This is calculating velocity. Not "finding a point to rotate to."

Why do you need to translate by position.x and position.y?

If you don't, you'll always be drawing to the same space?

Why does the PVector velocity have values of (0, -1)? It has to start out with some value. Why not that one?

Initially this makes sense as with position.add(velocity), you are adding the PVector velocity to position which means position.y decrements by 1, thus moving the ship upwards along the y axis. Where this stops making sense is when you rotate the angle at which the ship is pointing around its own axis. If the ship is pointing down for example and you press UP, how does the ship move downwards if you are taking away from the y axis?

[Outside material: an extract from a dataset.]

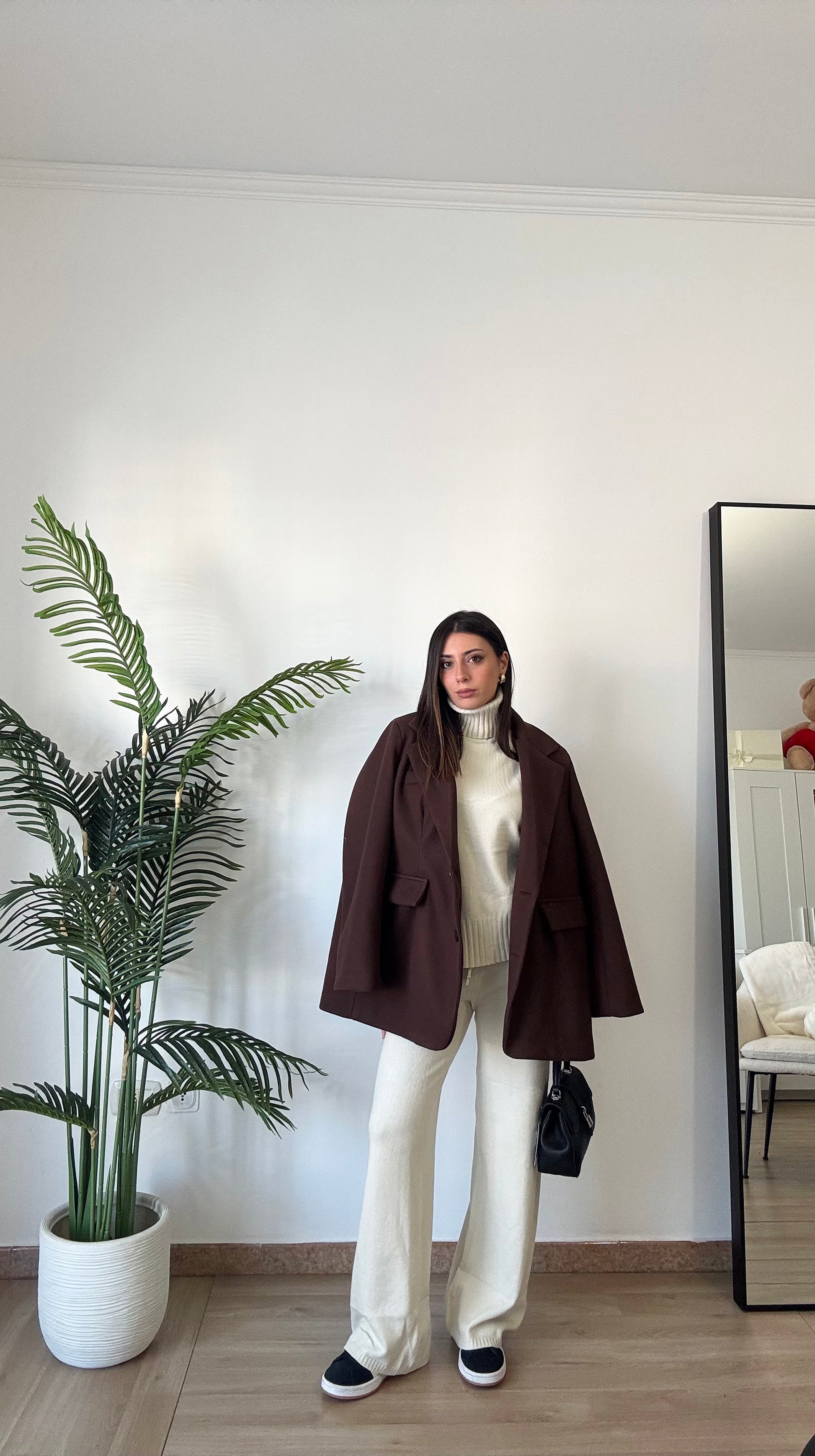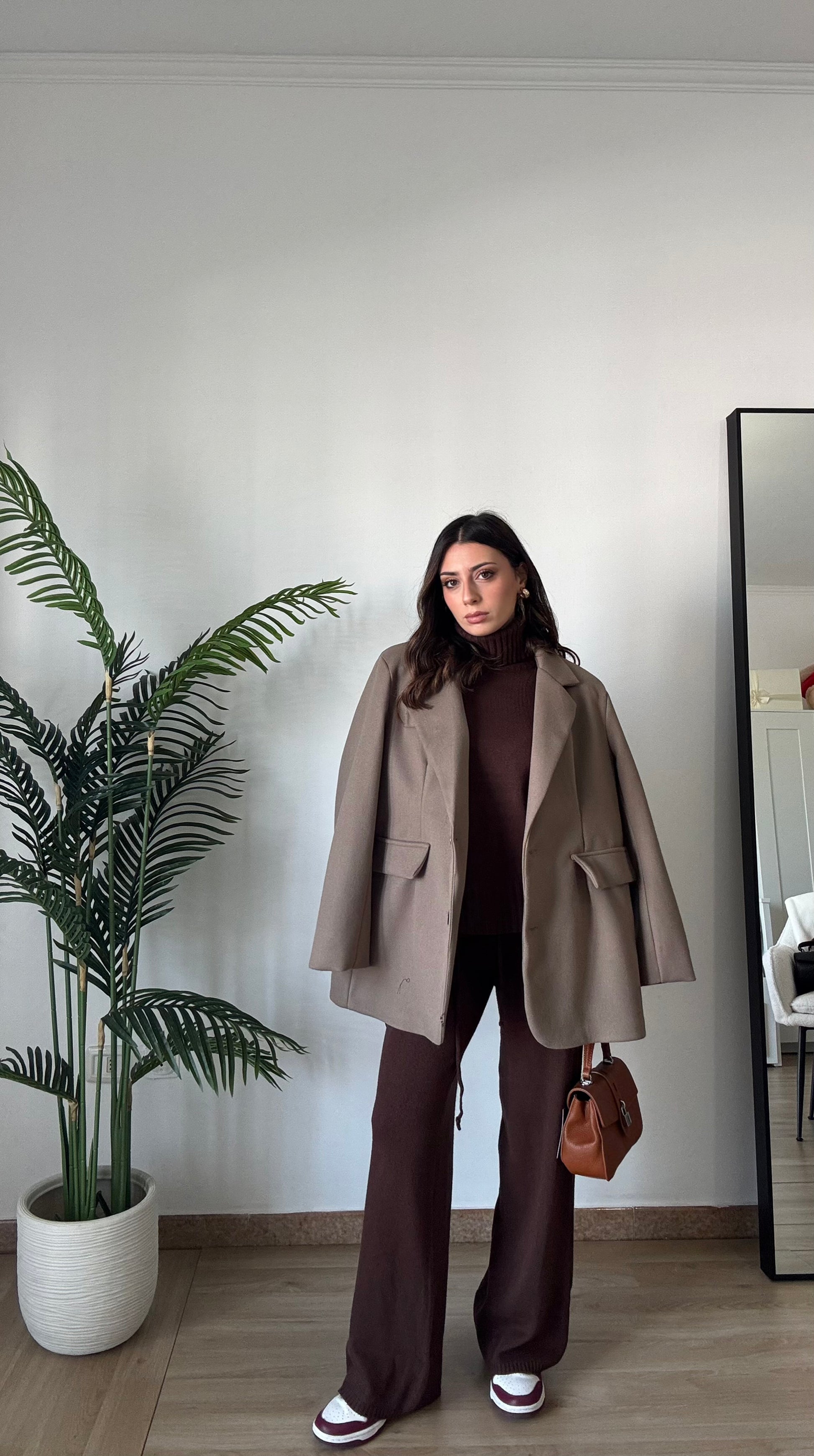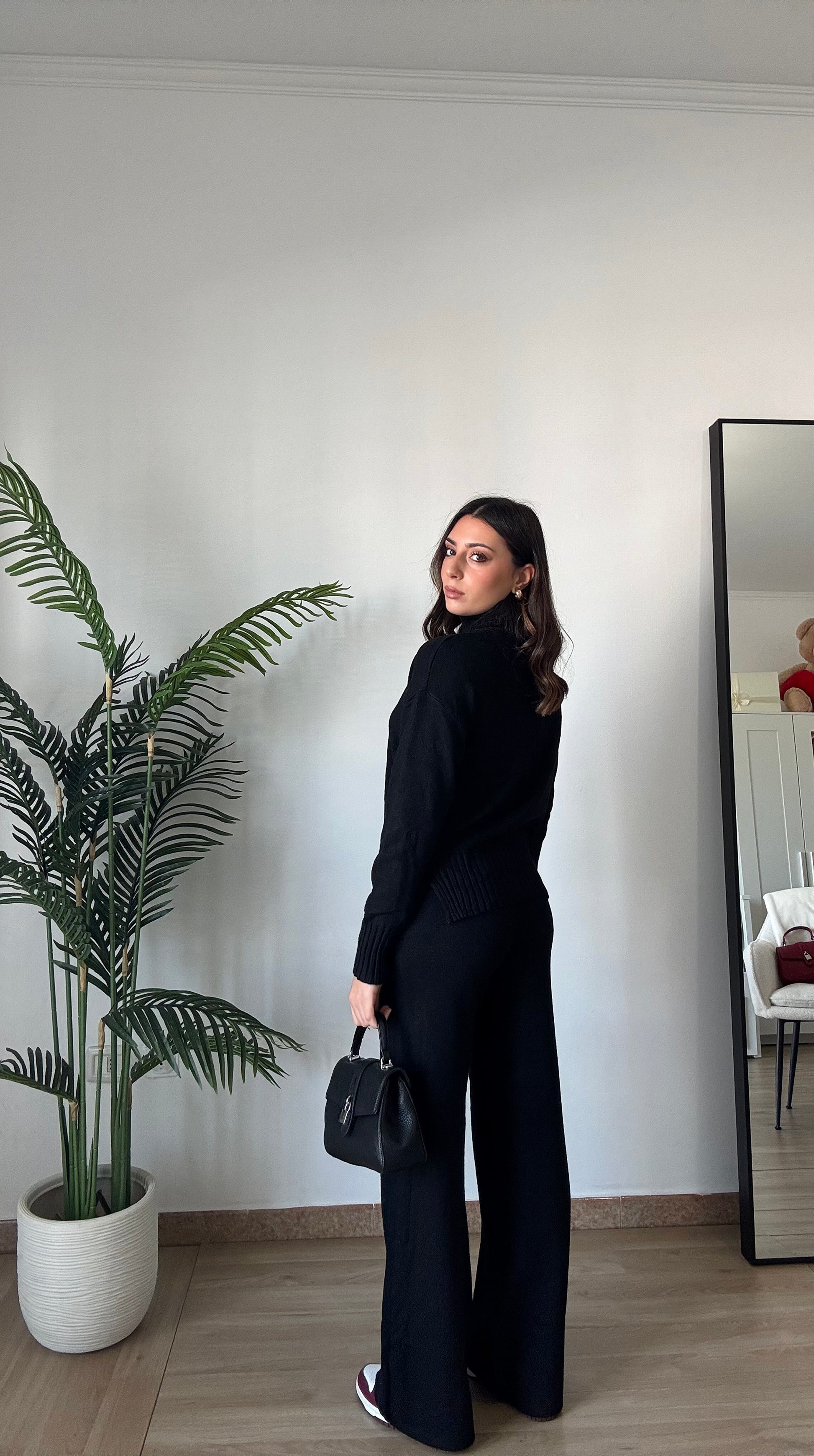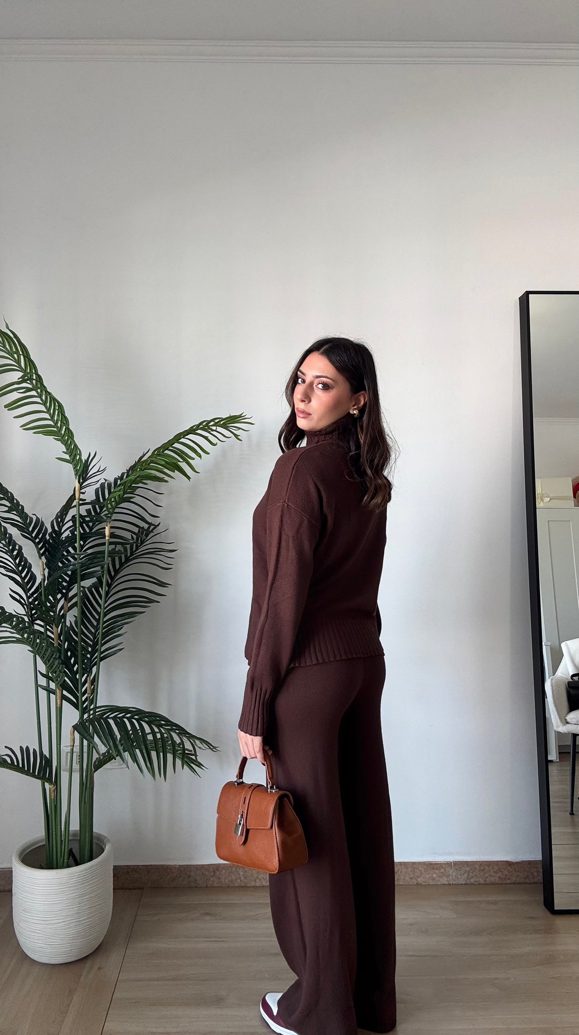 Coordinato in maglia super morbido e caldo, composto da pullover a collo alto e pant con elastico in vita super morbido, taglia unica veste 34-46.

I think that with pushMatrix and popMatrix, you are limiting the scope of rotation to the width of the ship. Could it be that when you rotate the ship you are actually rotating the axis on which it sits? So that when the ship is pointing left, the y axis has revolved counter clockwise to the left also?

This is calculating velocity. Not "finding a point to rotate to."

I don't understand this.

In my course, whenever we have utilised the trig functions it has been to find an x and a y coordinate to draw to based on an angle (theta) multiplied by a radius. In this program however, no radius is included in the calculation. Why?

If you don't, you'll always be drawing to the same space?

I think I get that. Continuously translating to the newly updated position of the ship ensures that the center point of the ship remains the origin of translation, and so the lines continue to be drawn to the new positions rather than a fixed position like the middle of the screen. Is that right?

Thanks for taking the time to help me with this by the way. Maths is not my strongest point, but I try to improve bit by bit.

Initially this makes sense as with position.add(velocity), you are adding the PVector velocity to position which means position.y decrements by 1, thus moving the ship upwards along the y axis.

Initially is the only place this happens as the code in question is only executed when the object is created. [Edit: Note that the value it is initialized to is completely irrelevant because it is always assigned another value before it is used.]

If the ship is pointing down for example and you press UP, how does the ship move downwards if you are taking away from the y axis?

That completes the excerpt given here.